I try not to use too many clichés when writing these reviews, but this really was the stereotypical game of two halves. From 1-0 up and comfortable to 3-1 down and soundly beaten in 45 minutes, the second half was painful to watch. Frustratingly, yet again Forest weren't undone by any wonderful football. Some sustained pressure led to an equalising goal then everything went to pot. 

After the defeat at Cardiff City, the battling draw against Watford offered some promising signs. The return to the City Ground saw the return of two up front, with Matt Fryatt replacing Ben Osborn. Despite being available following his suspension ending, Henri Lansbury could only claim a place on the bench, as did Eric Lichaj, who was replaced at left-back by Dan Harding. The visitors went with just Jordan Rhodes in attack. Well, they obviously had ten other players too but, you know what I mean. 

The game started with the obligatory dodgy Championship refereeing decisions, as Forest were called offside a couple of times and Ryan Tunnicliffe cleaned out Dan Harding without censure. For the most part, the first half was a scrappy affair, with blocked shots and misplaced passes. Jack Hunt's excellent run was finished with a poor cross straight into Rovers' keeper Jason Steele's hands. Then, following a fast break, Michail Antonio's cross went right behind Britt Assombalonga.

Not long afterwards the breakthrough came. The lively Assombalonga ran and hit a lovely curling shot with the outside of his right foot. It beat Steele and rebounded off the post, hit Fryatt on the knee and flew in. Proper striker's goal. The lead could've been doubled before the interval as Assombalonga went close a couple more times following good runs and shots. There was to be no further scoring though and the teams left the field with Forest ahead and no hint of what was to come. 

The second half saw an early interruption in play as Markus Olsson indulged in a comedy pratfall while chasing a through ball and required a few minutes' treatment. Rovers started to dominate possession and, perhaps in respose, Stuart Pearce replaced Fryatt with Henri Lansbury. This change failed to stem the tide though and, after the Reds failed to clear a corner, the ball fell to Alex Baptiste who lashed home the leveller. 

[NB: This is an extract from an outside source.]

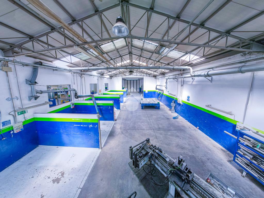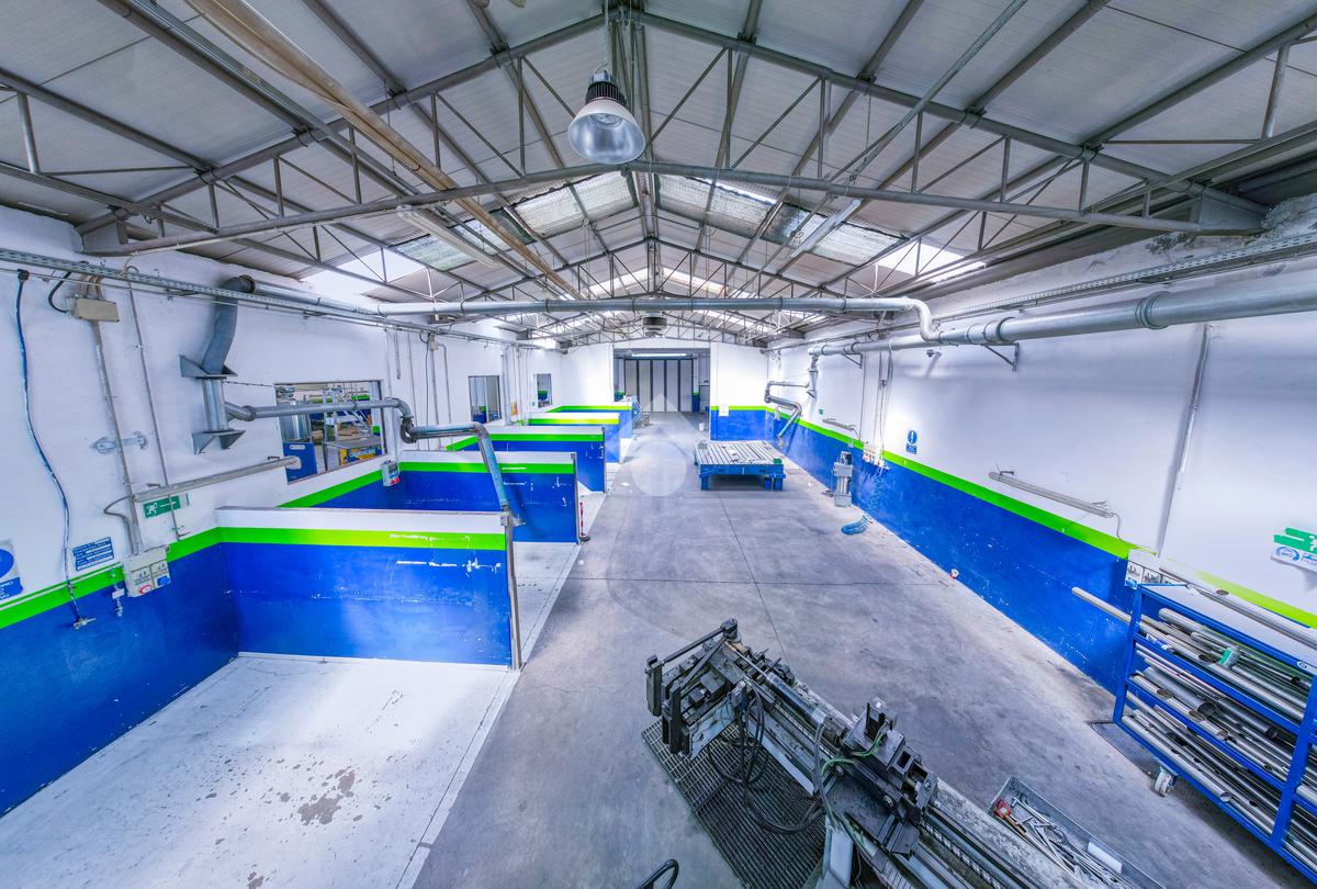 L'area produttiva di 1200 mq si divide in 3 zone, la prima con altezza 7 metri è dotata di carroponte da 6 tonnellate mentre le altre 2 zone hanno un'altezza di 5 metri inoltre dotate di un magazzino verticale automatico KARDEX. Tutte le zone sono riscaldate tramite caldaie a gas ed a muro troviamo le prese di potenza dell'impianto elettrico. Lo spogliatoio può comodamente ospitare 25 persone.

Lansbury then went close twice, first seeing his shot blocked by the feet of Steele, then seeing a curling effort cannon back off an upright. The game still seemed there for the taking until David Vaughan - who had hitherto been impressive - gave away the ball. Rovers broke down the right and a pinpoint centre found the noggin of substitute Rudy Gestede who firmly headed the visitors into the lead. Less than two minutes later things got worse. A long punt upfield got the usually exemplary Michael Mancienne into bother and he misjudged the bounce. Jordan Rhodes didn't though and he picked it up, cut wide and steered it into the corner for 3-1. And that was that. 

Well, pretty much. Jamie Paterson's introduction as sub didn't really help as he got into good positions but failed to pick out red shirts, which was pretty much the story of the match. Forest got into lots of threatening situations but the final ball was mostly lacking. In contrast, Blackburn's crossing caused problems that Forest ultimately couldn't answer. Chris Burke's wild slash wide when well placed was a fitting end to proceedings. 

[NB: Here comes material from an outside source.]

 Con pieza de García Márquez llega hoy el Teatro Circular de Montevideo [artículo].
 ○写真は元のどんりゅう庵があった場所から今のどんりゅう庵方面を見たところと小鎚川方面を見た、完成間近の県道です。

I'm not sure how to sum this match up, just as I'm not sure where it went wrong. We certainly didn't make the best of good situations and probably sat too deep when ahead. We seemed to lack a bit of urgency until Rovers drew level and, as a result, the momentum swung so far that we couldn't wrest it back. 

Ending on a positive note, as I always try to, David Vaughan produced a polished performance and despite this lamentable run of form we're still only four points off the top and it's not November yet. A loan signing or two would boost the numbers and perhaps the morale and hopefully there'll be some movement on that front before the next match. All things, good or bad, have to come to an end. This run will be no exception.